Just a few comments to clarify complex ideas regarding “variances” in limited dependent variable models.
When I say “mountains are flattened”, I mean disease severity is reduced among that subgroup who were previously “hit hard”, but the burden of disease is spread more evenly across everyone. So in ten parallel universes, instead of the same 10% of people ALWAYS getting very ill, 90% of people will get somewhat ill. The particular 90% varies in each universe. You personally are no longer “assured” of getting (or not getting) covid. The variance goes up across the population. Though down for a lot of individuals who previously would have had the same outcome 10 out of 10 times.
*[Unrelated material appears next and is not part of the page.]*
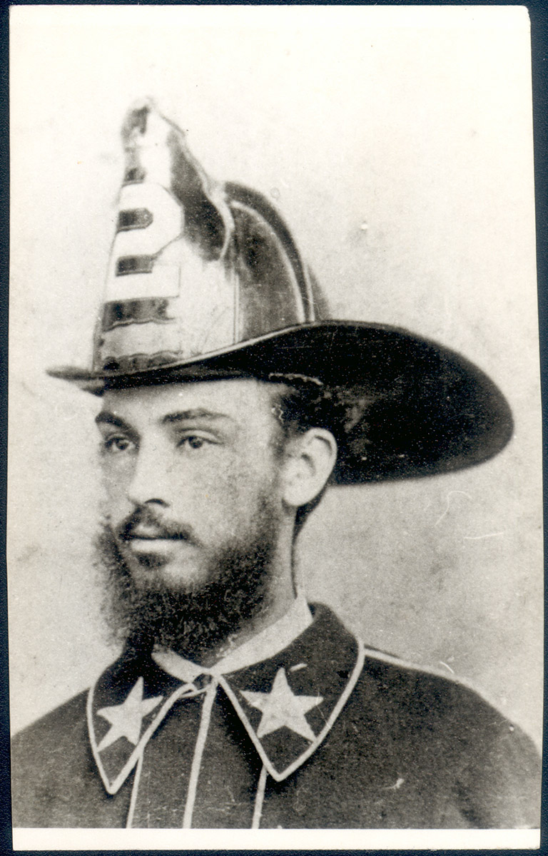 Retrato de busto de un hombre con bigote y abrigo negro. Está sentado y apoya su cabeza sobre su mano.

Identifying people with zero variance is important. These people are deterministic, not probabilistic. They can’t be in a biostats (logit/probit) model. You just described them qualitatively according to what determines their disease status. Don’t attempt to “include them thinking that they just boost sample sizes and improve precision”. It’s like saying “I’m going to take an average of a bunch of numbers that includes infinity”. Dumb Dumb Dumb. These people, annoying though they are for logit/probit models, are actually useful in policy if you can find WHY they do/don’t get ill.
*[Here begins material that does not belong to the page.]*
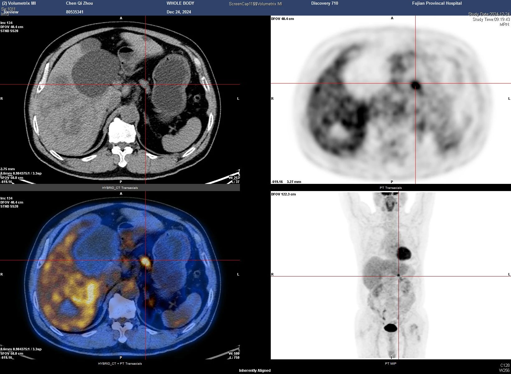 祸不单行,陈老师的术前检查还提示胰腺体部存在 2.5×1.5cm的占位。得益于我院先进的磁共振和PET-CT 检查,精准为外科手术提供了重要依据。这处占位可疑来源于肝癌的转移病灶,肝癌转移到胰腺的情况在临床上非常罕见,文献报道仅占2.7-5.6%。

The KEY factor here is variance heterogeneity. If one group of people, in 100 parallel universes, experience 40 cases, but the SAME 40 people in all 100 universes, then they CANNOT be aggregated with another group of people who, in 100 parallel universes, experience on average 40 cases, but the 40 cases varies immensely across the 100 universes. Any universe from the first hundred has “consistency”. And universe from the second hundred has extreme inconsistency. Aggregating them can’t be done. It doesn’t, UNLIKE A LINEAR MODEL, just mess with standard errors. It causes BIAS.